- **RECORDS FOR THIS EXERCISE**:

--------------------------------

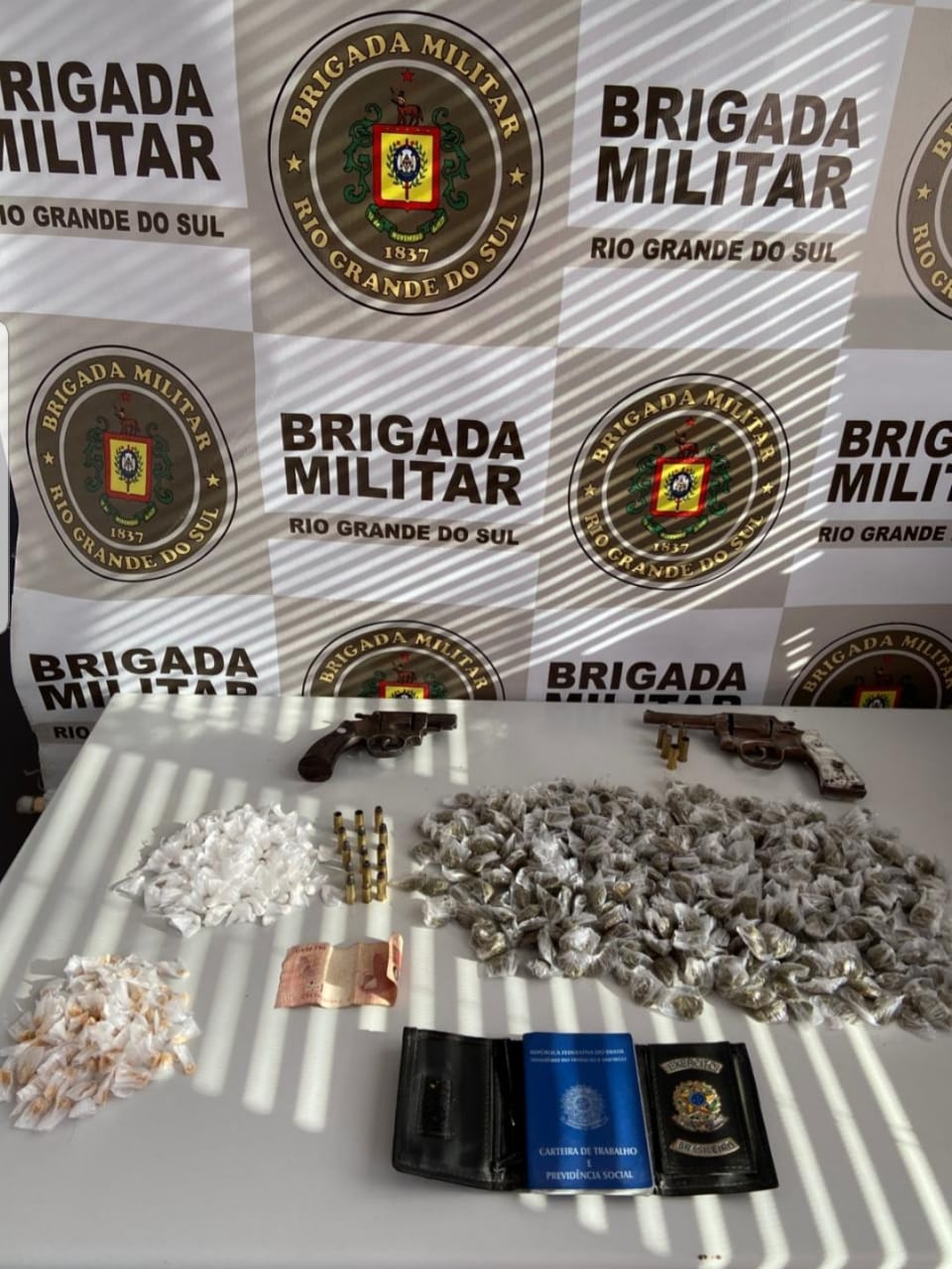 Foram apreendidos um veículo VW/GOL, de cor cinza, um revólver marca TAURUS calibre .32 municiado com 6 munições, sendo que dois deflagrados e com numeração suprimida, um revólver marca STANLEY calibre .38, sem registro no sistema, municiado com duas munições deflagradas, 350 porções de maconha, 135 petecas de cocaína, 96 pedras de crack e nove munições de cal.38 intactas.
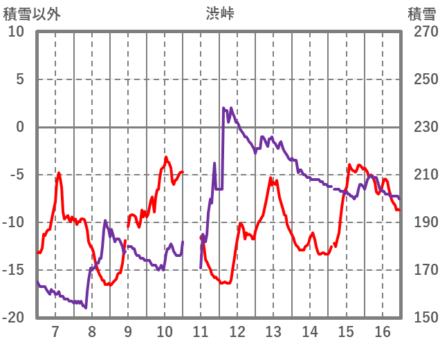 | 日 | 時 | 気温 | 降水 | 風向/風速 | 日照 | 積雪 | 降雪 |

--------------------------------

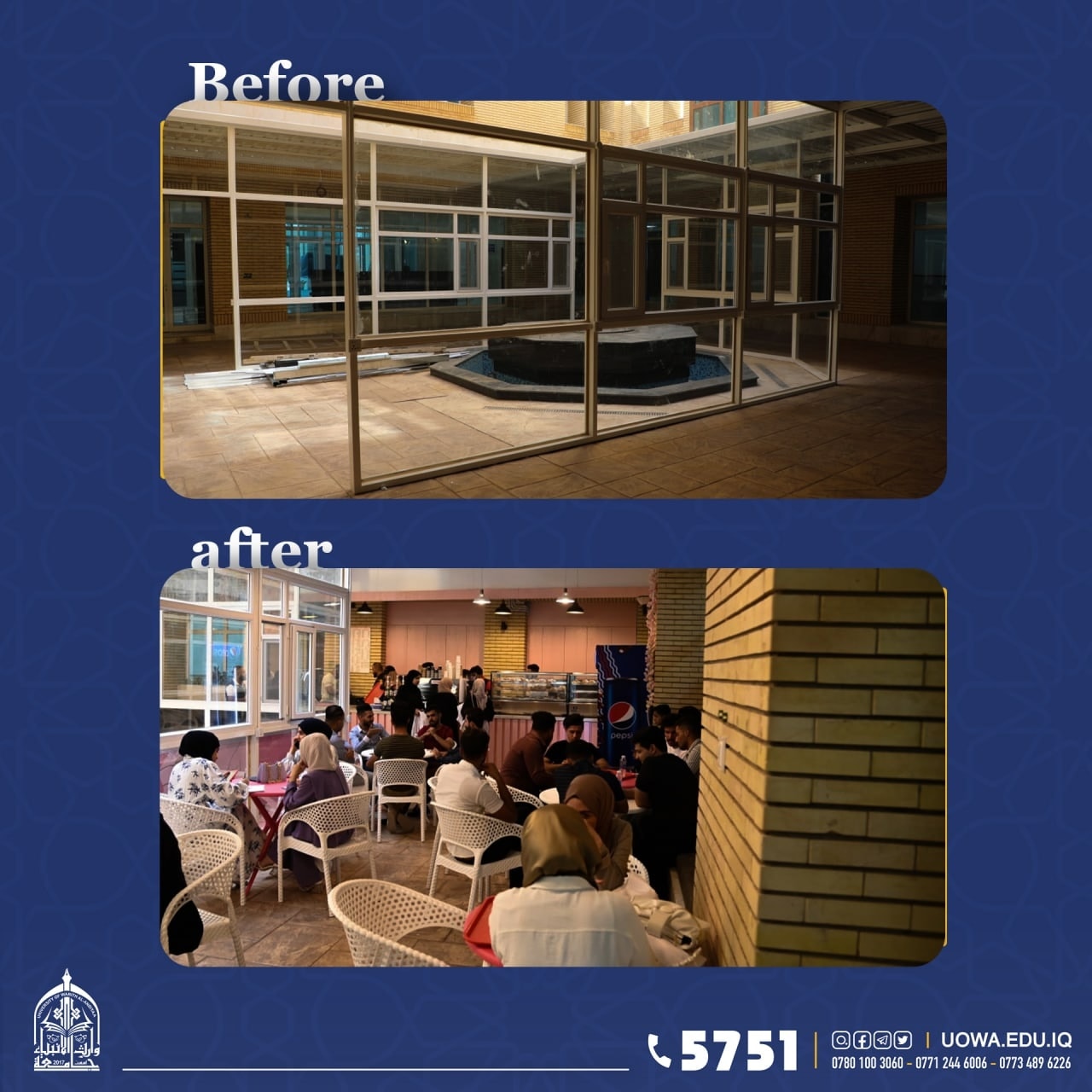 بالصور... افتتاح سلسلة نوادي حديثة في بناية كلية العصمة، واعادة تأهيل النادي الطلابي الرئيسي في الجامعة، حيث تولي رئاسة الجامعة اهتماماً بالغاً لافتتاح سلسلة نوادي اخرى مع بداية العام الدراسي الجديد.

--------------------------------

- **WHAT THE EXERCISE ASKS**: Among the entries above, locate the line with "Foram apreendidos um" and the line with "日照 | 積雪 | 降雪 |". Give those two lines and all lines between them again, exactly, leaving out the pictures.

- **EXERCISE OUTPUT**:
 Foram apreendidos um veículo VW/GOL, de cor cinza, um revólver marca TAURUS calibre .32 municiado com 6 munições, sendo que dois deflagrados e com numeração suprimida, um revólver marca STANLEY calibre .38, sem registro no sistema, municiado com duas munições deflagradas, 350 porções de maconha, 135 petecas de cocaína, 96 pedras de crack e nove munições de cal.38 intactas.
 | 日 | 時 | 気温 | 降水 | 風向/風速 | 日照 | 積雪 | 降雪 |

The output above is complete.